Friday, January 20, 2012
The Small Things
There's that saying that says something like "Don't sweat the small stuff."
To the writer of that quote, I say "Easier said than done."
I am one of those detail-oriented people. I have a list of "small stuff" that just plain drive me crazy. Here is a quick sampling:
*Being woke up just a few minutes before the alarm goes off
*The incessant meowing from my eager, ornery cat who wants fed at 4:45pm instead of 5:00pm (yes, 15 minutes but she MUST remain on schedule)
*When people move my chaotic stack of papers, coupons, books, etc. (It may look like a mess, but I know where everything is)
I hate that I let "small stuff" bug me. Especially the small things that bring me back to the negative thoughts dealing with infertility. I really try to do a good job of covering my feelings about infertility. I go to work and am able to pretend that I am not suffering with childlessness. I pretend that I am not hurting although the pain is unbearable. I have become an expert at suppressing those feelings until I am comfortable within the walls of my home.
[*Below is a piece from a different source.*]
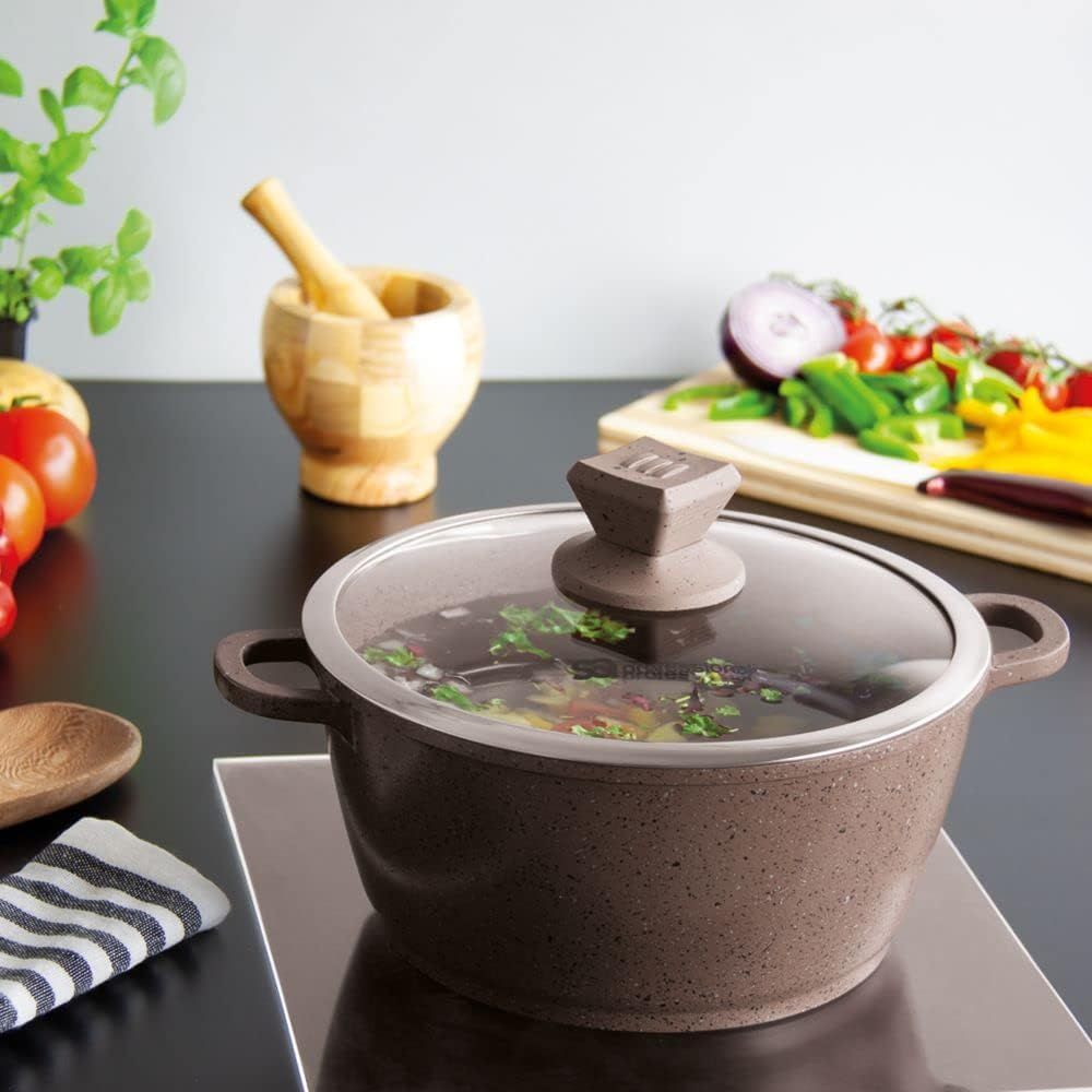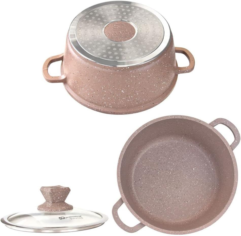 Professional Quality CookwareWith the round, SQ Professional five-piece stockpot set, from the Nea Marbell Range, you can make healthy, home cooked recipes to a professional standard, every time. Suitable for a wide variety of dishes, these circular stockpots bring a unique style and quality to your kitchen.

However, some "small stuff" makes it really hard to keep everything together. And if you have never dealt with the feeling of helplessness like women dealing with infertility do everyday, then some of what I may say will sound ridiculous. You don't have to follow that with pity. I am not pitiful. I am strong.
THE SMALL 'THING'
The dentist. Yep, the dentist. I have an appointment every six months. I go to get a cleaning and x-rays. Every time I go, they ask the same question before placing the heavy, radiation-blocking apron across my body, "Is there any chance that you are pregnant?" A simple question.
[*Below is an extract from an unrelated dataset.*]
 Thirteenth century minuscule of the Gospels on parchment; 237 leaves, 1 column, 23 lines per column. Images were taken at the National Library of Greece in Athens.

However, this simple question that is asked every 180 days also reminds me that it has been 180 days without pregnancy news. It has been another six months of tears, disappointment, and sadness.
It isn't like I didn't already know that I wasn't pregnant. I know that...heck, I LIVE that everyday. I know that I am not pregnant! But that simple question that I expect going to the dentist brings all of those feelings to the forefront.
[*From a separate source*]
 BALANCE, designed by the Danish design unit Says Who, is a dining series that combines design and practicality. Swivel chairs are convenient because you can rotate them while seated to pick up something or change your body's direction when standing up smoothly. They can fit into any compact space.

Simple, right? The dentist. But as that visit is looming in the next couple of weeks, it leaves me aching even more than normal. Because yes, it has been another six months.
Even though simple things like dreading the dentist for "the question" instead of the horrible things that can happen to my tiny mouth, I still know that it is God's will.
Don't get me wrong, even though I may stress out, I know that God is in control of my life. He has a plan and I am just trotting along waiting for him to show me the way.